▶ **What needs to be done**
Restate the data below word for word. Leave the images out.

(Records drawn from a dataset)
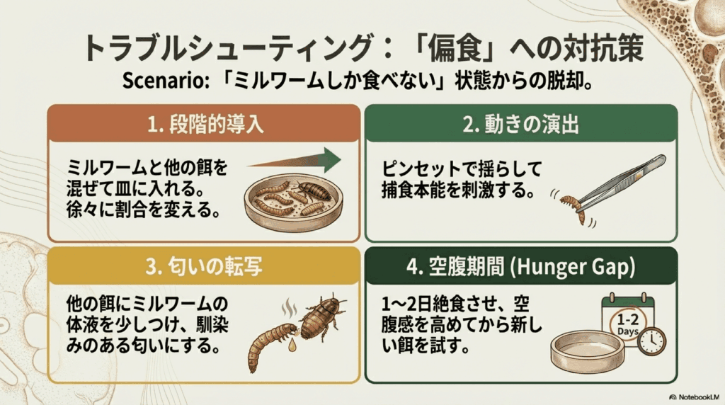 - 偏食:ミルワームの食感や動きに慣れてしまうと、他の餌を拒否する偏食傾向が強まります。
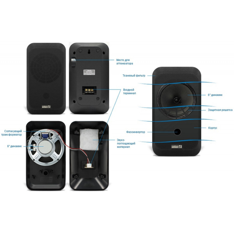 Устройство имеет встроенный аттенюатор. Конструкция акустической системы предусматривает установку внутри помещений. Материал - пластик, цвет корпуса - черный. Инсталляция: навешивается на стену при помощи петли на задней стенке корпуса. Возможность работы на линиях напряжением 70 и 100 В.
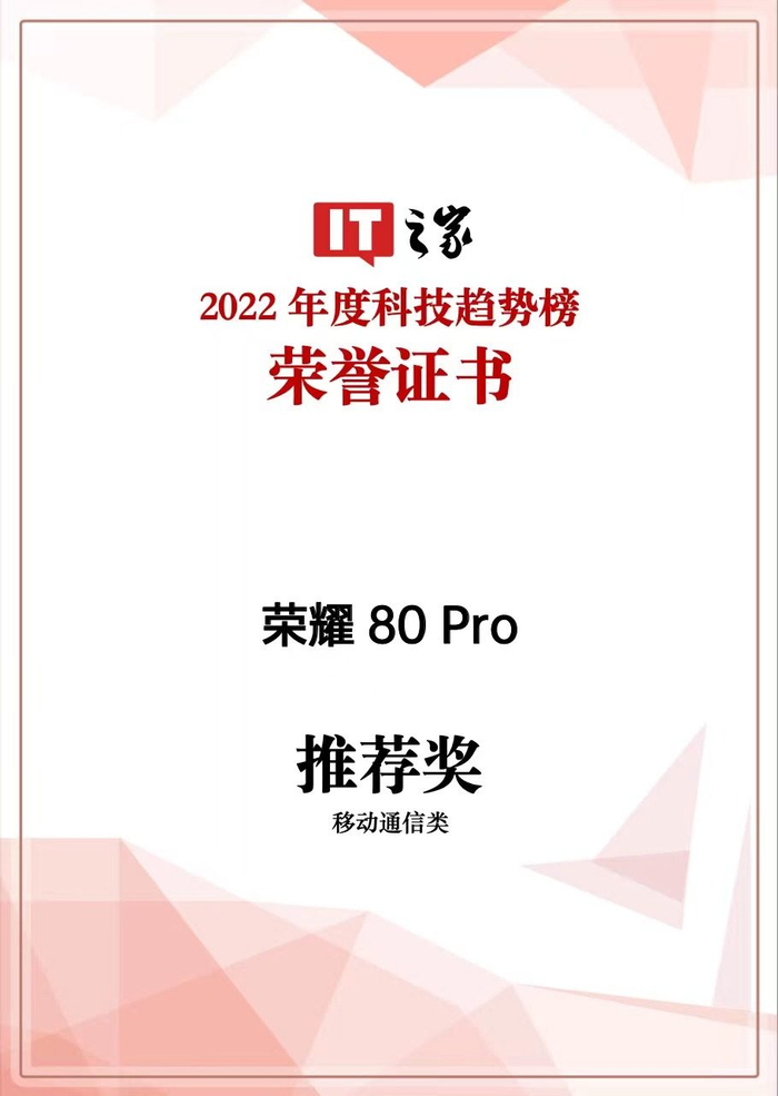 “IT 之家 2022 年度科技趋势榜”自 2022 年 12 月启动以来,以客观视角汇集万千读者口碑和消费选择,经层层筛选,评选出 2022 年度好产品。荣耀80 Pro再度突出重围,被《IT之家》授予2022年度“移动通信类推荐奖”。
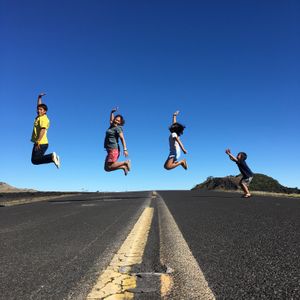 Kona側から広々とした道路をひた走りHILO側へ向かいました。お天気も良く途中の溶岩台地にて写真撮影タイム。溶岩の上に座ったらほんのり暖かく気持ちが良かったです。
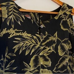 100% Silk Harley Davidson Tank Sheath Dress Sleeveless Tropical Leaf Print Sm
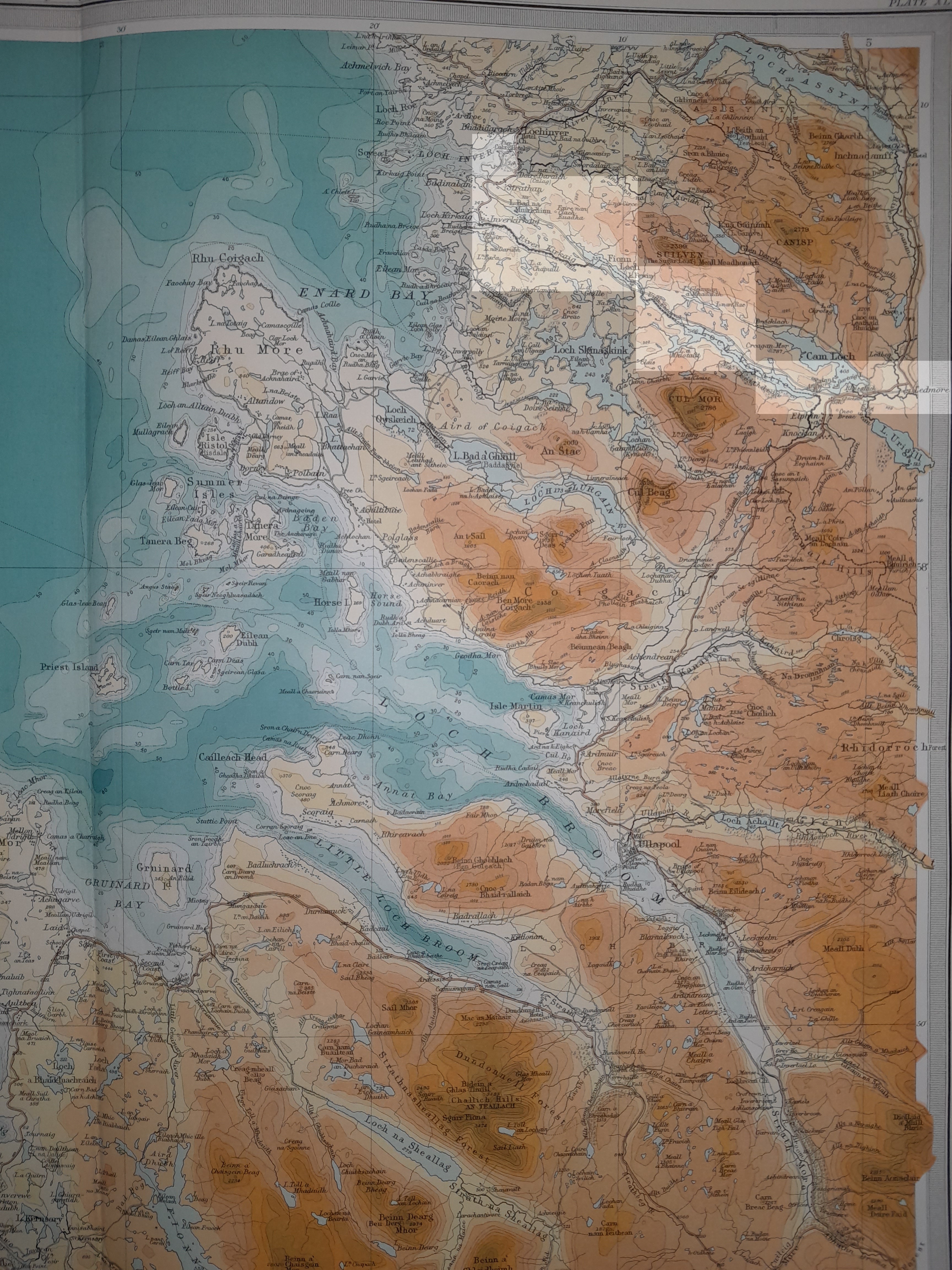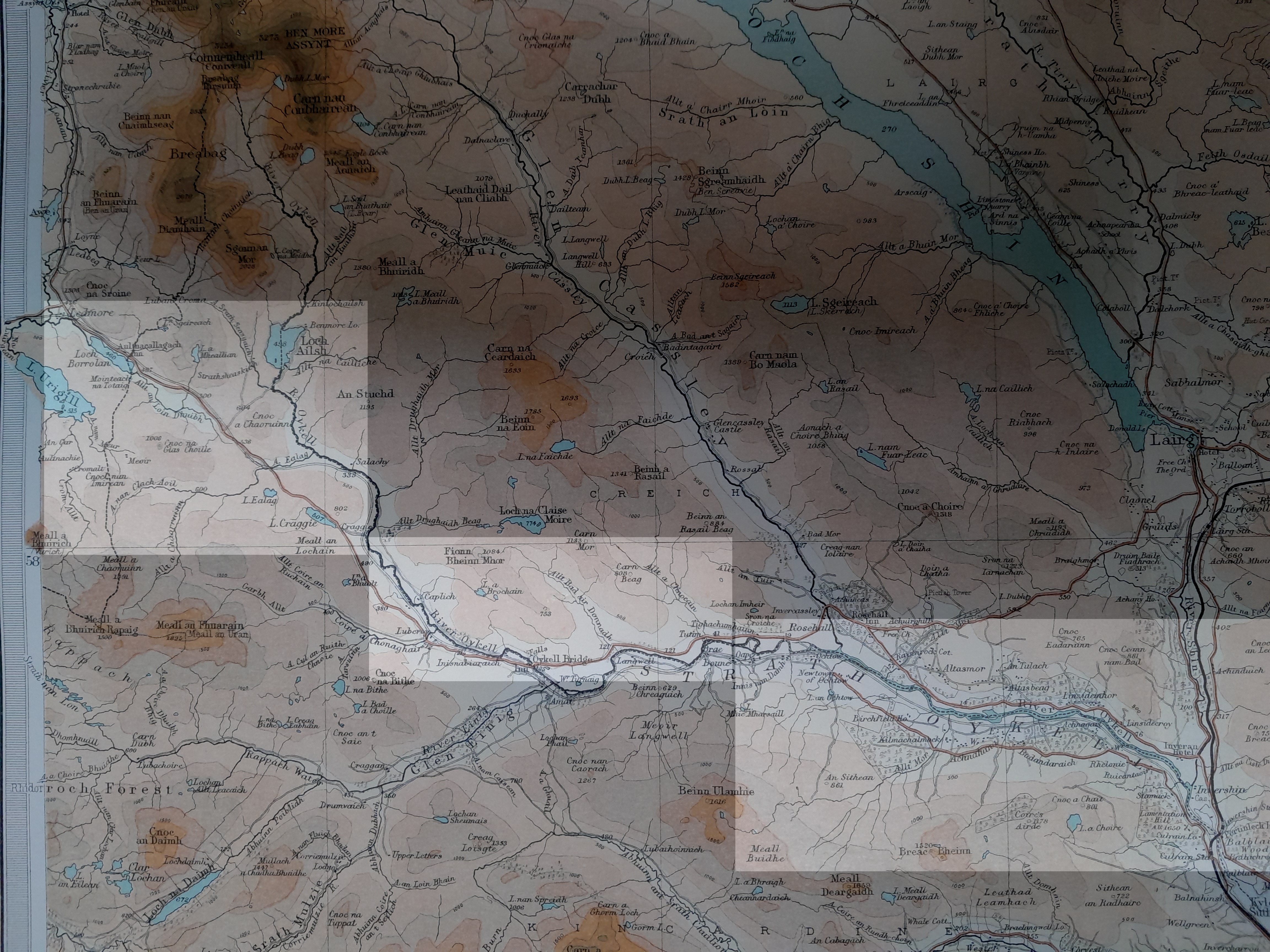 1895 map of the Culrain to Lochinver railway lineThe route proposed is an interesting one from an engineering perspective, since, from Ledmore westwards, it intends to cross rather inhospitable ground - bog, rocky outcrops, small lochs. The northern route, via Loch Assynt, admittedly seven miles longer, would have been much easier to build - and would also have passed through a couple of small pockets of human habitation, doubtless with paying passengers. But who are we to judge? (Note that this route is not the same as the one marked in the 1892 Scottish Office map, shown just above. The reason for this is that there were two possible routes to be taken, to the north or the south of Suilven mountain; and which one was recorded in reports rather depended on who you talked to last...) I am grateful to Robert V. Simon for these images. They are taken from his own copy of the 1895 Atlas. | ||

▶ **Answer for this exercise**
 - 偏食:ミルワームの食感や動きに慣れてしまうと、他の餌を拒否する偏食傾向が強まります。
 Устройство имеет встроенный аттенюатор. Конструкция акустической системы предусматривает установку внутри помещений. Материал - пластик, цвет корпуса - черный. Инсталляция: навешивается на стену при помощи петли на задней стенке корпуса. Возможность работы на линиях напряжением 70 и 100 В.
 “IT 之家 2022 年度科技趋势榜”自 2022 年 12 月启动以来,以客观视角汇集万千读者口碑和消费选择,经层层筛选,评选出 2022 年度好产品。荣耀80 Pro再度突出重围,被《IT之家》授予2022年度“移动通信类推荐奖”。
 Kona側から広々とした道路をひた走りHILO側へ向かいました。お天気も良く途中の溶岩台地にて写真撮影タイム。溶岩の上に座ったらほんのり暖かく気持ちが良かったです。
 100% Silk Harley Davidson Tank Sheath Dress Sleeveless Tropical Leaf Print Sm
 1895 map of the Culrain to Lochinver railway lineThe route proposed is an interesting one from an engineering perspective, since, from Ledmore westwards, it intends to cross rather inhospitable ground - bog, rocky outcrops, small lochs. The northern route, via Loch Assynt, admittedly seven miles longer, would have been much easier to build - and would also have passed through a couple of small pockets of human habitation, doubtless with paying passengers. But who are we to judge? (Note that this route is not the same as the one marked in the 1892 Scottish Office map, shown just above. The reason for this is that there were two possible routes to be taken, to the north or the south of Suilven mountain; and which one was recorded in reports rather depended on who you talked to last...) I am grateful to Robert V. Simon for these images. They are taken from his own copy of the 1895 Atlas. | ||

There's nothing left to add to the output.